6 Misguided Responses to Spiritual Abuse

Ryan Duncan | Updated: Apr 28, 2015

6 Misguided Responses to Spiritual Abuse

Throughout my life, I’ve seen the Church do some pretty amazing things. I’ve met strong, loving Christians whose passion and charity left me speechless. I’ve seen lives changed, souls saved, and discovered how God’s Church can be a true light to this world. However, I’ve also witnessed the Church’s darker, more sinister side. I know all too well how some “Christians” will neglect, demean, or abuse others just to further their own agendas.         

I’m not the only one to experience this either. In a recent article for Relevant Magazine, author Jonathan Hollingsworth revealed how he had once traveled to Africa as a missionary, only to be manipulated and exploited by the organization he worked for. When Hollingsworth tried to speak out about his treatment, his pastor told him to stay quiet so the Church could save face. Reflecting on these events, Hollingsworth lists six things you should never say to a victim of spiritual abuse,

“Are You Working Toward Reconciliation?”

“The last thing a victim of spiritual abuse needs to do is go right back into the environment that hurt them in the first place. If someone has been attacked by a dog, would you tell them to go back and risk getting bitten again? Christians who insist on reconciliation in the face of spiritual abuse are forgetting one important thing: Abusive people can’t always be reasoned with.”
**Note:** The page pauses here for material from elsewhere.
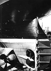 Exhaust steam leaving the reciprocating engines was fed into the turbine, which was situated aft. From there it passed into a condenser, to increase the efficiency of the turbine and so that the steam could be condensed back into water and reused. The engines were attached directly to long shafts which drove the propellers. There were three, one for each engine; the outer (or wing) propellers were the largest, each carrying three blades of manganese-bronze alloy with a total diameter of 23.5 feet (7.2 m). The central propeller was somewhat smaller at 17 feet (5.2 m) in diameter, and could be stopped but not reversed.

“Not only is it dangerous to ask a victim to make amends with their abusers, it also puts an undue burden of responsibility on the victim to come up with a solution. It’s like saying, ‘They’re the ones who hurt you, but now it’s your job to make it right.’”

“I Don’t Want to Gossip”

“If a pastor or staff member is mistreating someone in the congregation, it’s not gossip for that person to talk about it. In fact, it’s not even gossip for you to talk about it. Imagine if you found out your brother-in-law was beating your sister. Would your first response be, ‘That’s none of my business’? The same way domestic abuse involves a whole family, spiritual abuse involves a whole church family.”

“The abuse may have taken place in private, but that doesn’t make it a private matter. As Christians, if we’re going to start taking spiritual abuse seriously, we need to stop comparing it to gossip.”

Spiritual abuse is a serious problem in today’s Church, and unfortunately, it only seems to be getting worse. Crosswalk’s own John UpChurch has even compiled a list of 10 warning signs that a church might be abusive or controlling. Dangerous clues include,

  • Personality Centric
  • Busyness
  • Coded Language

As Christians, we must speak up and put an end to this horrible practice. We need to admit that we’re not immune to the evils of this world, and that not everyone who claims to be a Christian actually follows Christ. It is time to put right these terrible wrongs.   

If you are a victim of spiritual abuse, we encourage you to speak out and tell your story.